Historic district in Oregon, United States

Independence Historic District in Independence, Oregon, United States is a historic district that was listed on the National Register of Historic Places (NRHP) in 1989. The roughly 30-block district preserves approximately 250 homes and businesses of a prosperous riverside town of the 1880s.

==History==
Main Street, running along the Willamette River, is notable as an example of a late-nineteenth/early-twentieth century main street and features two commercial buildings with prominent Victorian-era towers.

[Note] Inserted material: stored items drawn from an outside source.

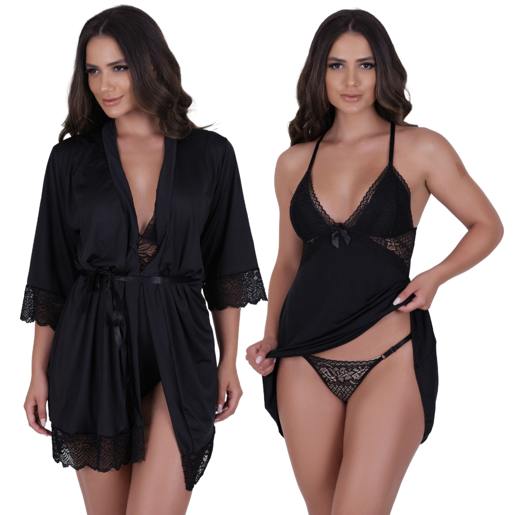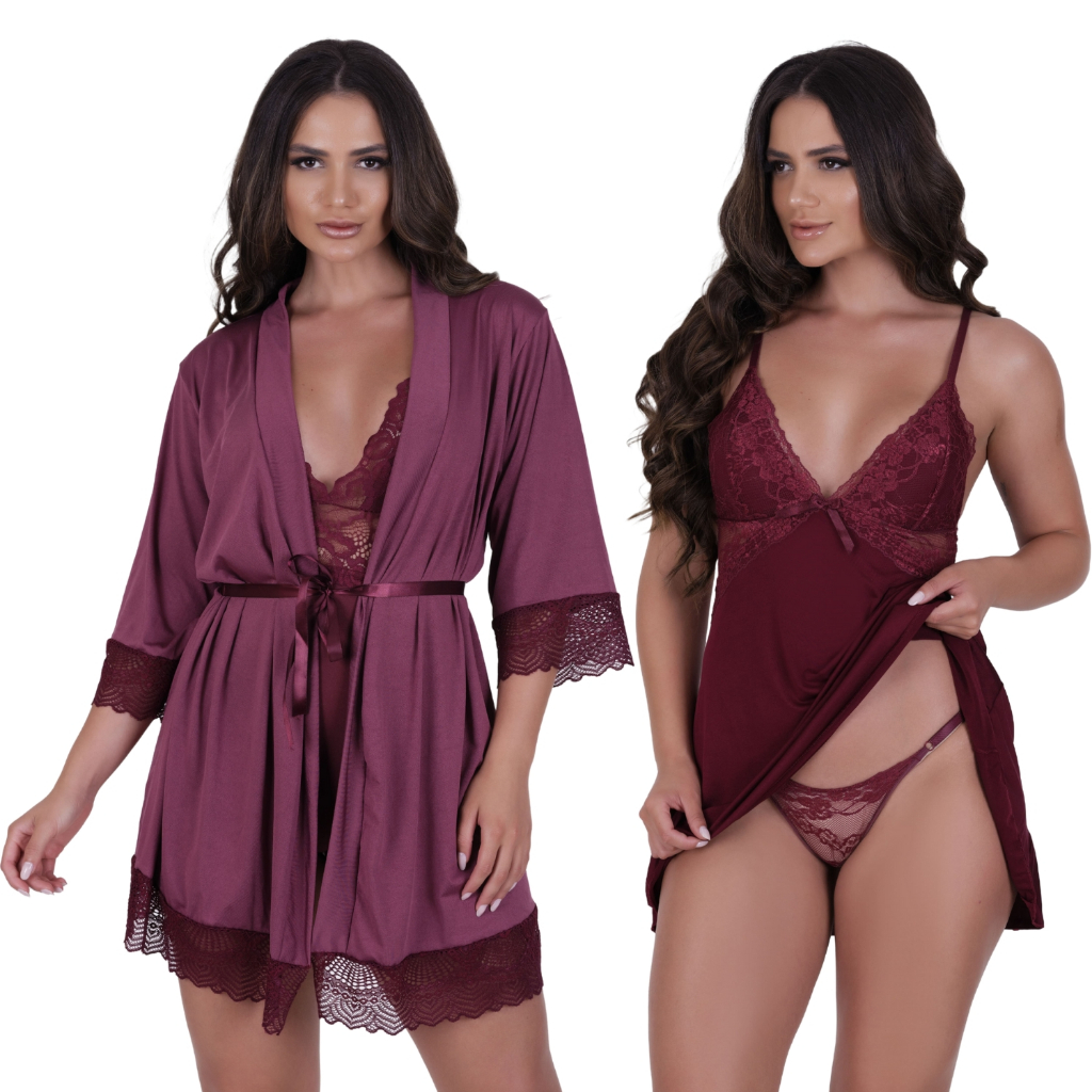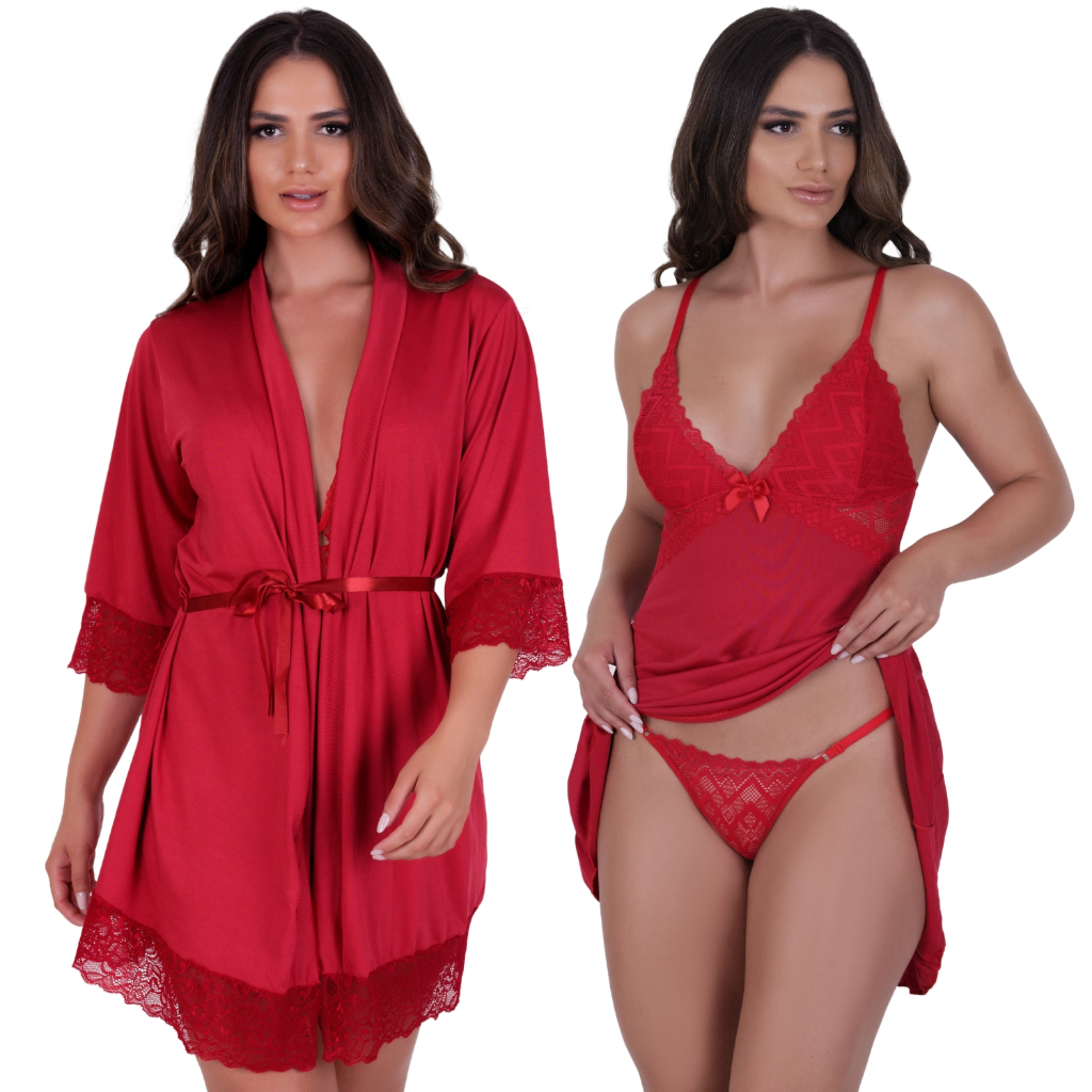 Kit Robe Com Camisola Sensual e Calcinha Luxo Pijama Roupão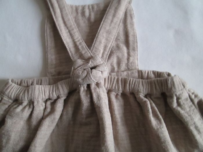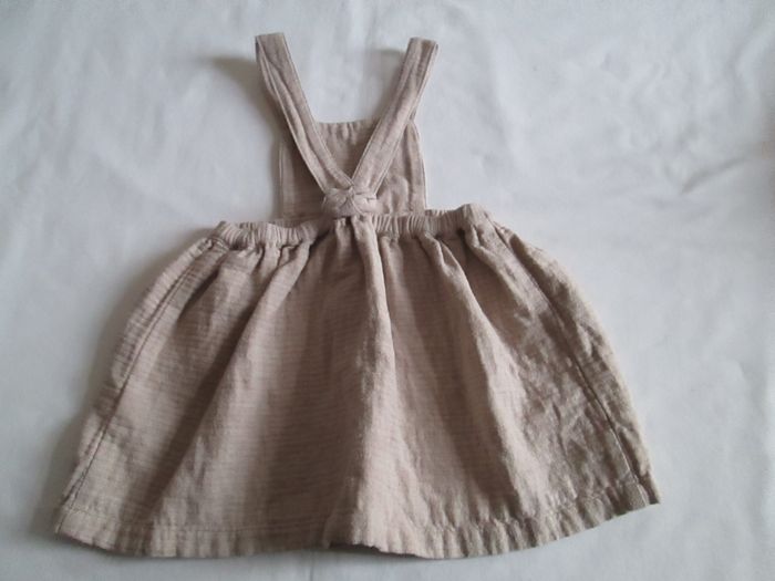 Vends robe Zara. 2 poches sur le devant. Taille élastiquée. Petit nœud décoratif à la base des bretelles dans le dos. 100 % coton. Taille 86 cm. Excellent état. Pour plus de choix, allez consulter mes autres annonces.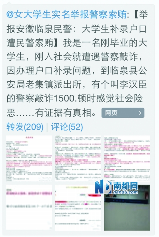 在微博上举报此事的是一位网名叫“女大学生实名举报警察索贿”的网友。这位简介显示所在地为北京东城的网友前晚发表图文微博称,自己大学刚毕业,“刚入社会就遭遇警察敲诈,因办理户口补录问题,到临泉县公安局老集镇派出所,有个名叫李汉臣的警察敲诈1500(元),顿时感觉社会险恶”。

Most of the buildings on Main Street were built of brick between 1880 and 1900.

Independence thrived as a shipping point, by both rail and boat, for agricultural products and lumber until the 1950s. The city was known for its hops production from the 1890s through the 1940s, dubbing itself the "Hop Capital of the World." When the demand for hops dropped, the city's fortunes began to decline. One reason Independence is so well-preserved today is that it was bypassed by major freeways in the 1960s, so there wasn't a push to modernize the downtown. Today the historic district is being revitalized as a tourism destination.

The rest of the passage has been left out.